Minimal Reproducible Example

No response

Additional

No response

Are you willing to submit a PR?

[X] Yes I'd like to help by submitting a PR!

github-actions[bot] commented 1 year ago

👋 Hello @jhayle21, thank you for leaving an issue on Roboflow Notebooks.

🐞 Bug reports

If you are filing a bug report, please be as detailed as possible. This will help us more easily diagnose and resolve the problem you are facing. To learn more about contributing, check out our Contributing Guidelines.

If you require support with custom code that is not part of Roboflow Notebooks, please reach out on the Roboflow Forum or on the GitHub Discussions page associated with this repository.

💬 Get in touch

Do you have more questions about Roboflow that we haven't responded to yet? Feel free to ask them on the Roboflow Discuss forum. Our developer advocates and community team actively respond to questions there.

To ask questions about Notebooks, head over to the GitHub Discussions section of this repository.

SkalskiP commented 1 year ago

@Jacobsolawetz could you take a look at this bug report?

mazatov commented 1 year ago

I had the same error just now. Were you able to figure it out, @jhayle21 ?

robmarkcole commented 1 year ago

This is because pytorch-lightning dependency is not stated, and running now will install '2.0.1.post0' which has breaking changes from 1.X. In 2.X lightning will discover available devices, so this arg is not needed.

On commenting out the GPU arg, you can run but get error:

NotImplementedError: Support for `validation_epoch_end` has been removed in v2.0.0. `SegformerFinetuner` implements
this method. You can use the `on_validation_epoch_end` hook instead. To access outputs, save them in-memory as 
instance attributes.

Note there is also an attribute error from feature_extractor.reduce_labels = False

Therefore this notebook needs updating for lightning 2.0

mazatov commented 1 year ago

@robmarkcole, Thank you 100% agree. It also applies to test_epoch_end ---> on_test_epoch_end

SkalskiP commented 1 year ago

Hi @jhayle21, @mazatov and @robmarkcole 👋🏻! I just pushed a fixed version of our SegFormer notebook. It is not ideal, but it works as expected. What I did was:

pytorch-lightning<2.0.0 - fix the version of PyTorch Lightning to be the latest version below 2.0.0. In the future, we need to update API used in the notebook. But for now, it should be fine.
allow for latest version of roboflow to enable new authentication API
update transformers API reduce_labels -> do_reduce_labels

I'm closing the issue but feel free to reopen it in the future if needed.

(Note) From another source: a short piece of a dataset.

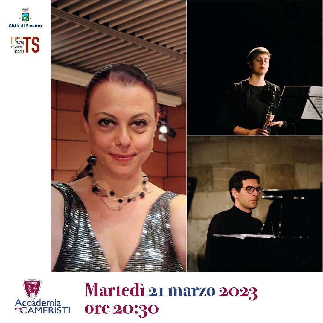Fasano – Nuovo concerto dell'Accademia dei Cameristi al Teatro Sociale di Fasano per la rassegna promossa dall’amministrazione comunale. Martedì 21 marzo alle ore 20.30 al Teatro Sociale di Fasano si esibirà un trio composto da musicisti di generazioni diverse: Valentina Coladonato, soprano dalla prestigiosa carriera – è stata diretta tra gli altri da Riccardo Muti, Roberto Abbado, John Axelrod – e Umberto Jacopo Laureti e Marta Nizzardo, giovani di talento, lanciati verso una piena realizzazione professionale.

mazatov commented 1 year ago

Thanks @SkalskiP , I was able to run it. I wonder if you can provide some input on the outputs I'm getting. I'm training a model on soccernet dataset with segmented soccer pitch lines. The output of the model is a bit strange.

While it's obvious that it is learning something it seems to struggle to learn background class. I wonder if I have to do something special for that as in the dataset, background is the largest class. Currently it's labeled as 0, and has a special name in the class list.

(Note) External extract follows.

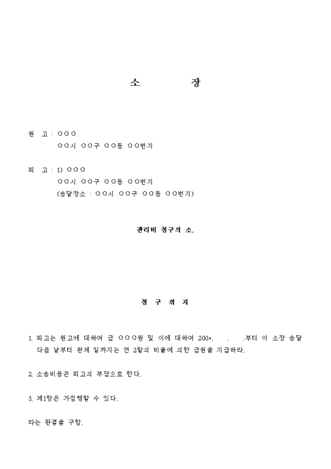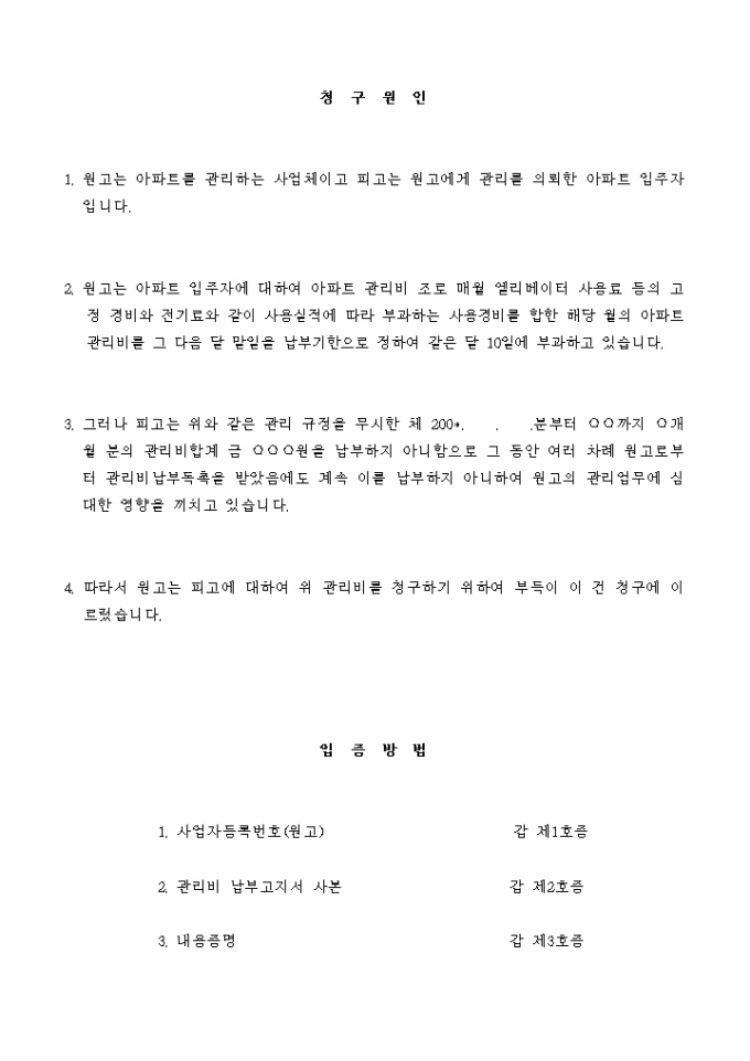 9,000원/월피고는 위와 같은 관리 규정을 무시한 체 200*. . .분부터 ○○까지 ○개월 분의 관리비합계 금 ○○○원을 납부하지 아니함으로 그 동안 여러 차례 원고로부터 관리비납부독촉을 받았음에도 계속 이를 납부하지 아니하여 원고의 관리업무에 심대한 영향을 끼치고 있습니다.

SkalskiP commented 1 year ago

Hi, @mazatov 👋🏻!

This looks like a very interesting project. How large is the dataset? How long did you train?

mazatov commented 1 year ago

The train dataset is about 16,000 images. I trained it only for 10 epochs hoping to see some progress before moving away from colab to something where it won't get interrupted. I was surprised to see this type of output. Usually other networks immediately give something quite reasonable very fast

On Tue, Apr 25, 2023, 00:03 Piotr Skalski @.***> wrote:

Hi, @mazatov https://github.com/mazatov 👋🏻!

This looks like a very interesting project. How large is the dataset? How long did you train?

— Reply to this email directly, view it on GitHub https://github.com/roboflow/notebooks/issues/99#issuecomment-1520822908, or unsubscribe https://github.com/notifications/unsubscribe-auth/AG7PD63UOGGQQNUUIUC77XDXC3TDNANCNFSM6AAAAAAW7M4PDY . You are receiving this because you were mentioned.Message ID: @.***>

SkalskiP commented 1 year ago

The main problem here is the fact that the objects you try to detect are thin. In the past, I trained two models like that. And I managed to do that with Mask R-CNN and YOLOv7.

mazatov commented 1 year ago

I've tried Yolov7/8 and they do alright. I was just hoping to get better results with segformer or mask2former.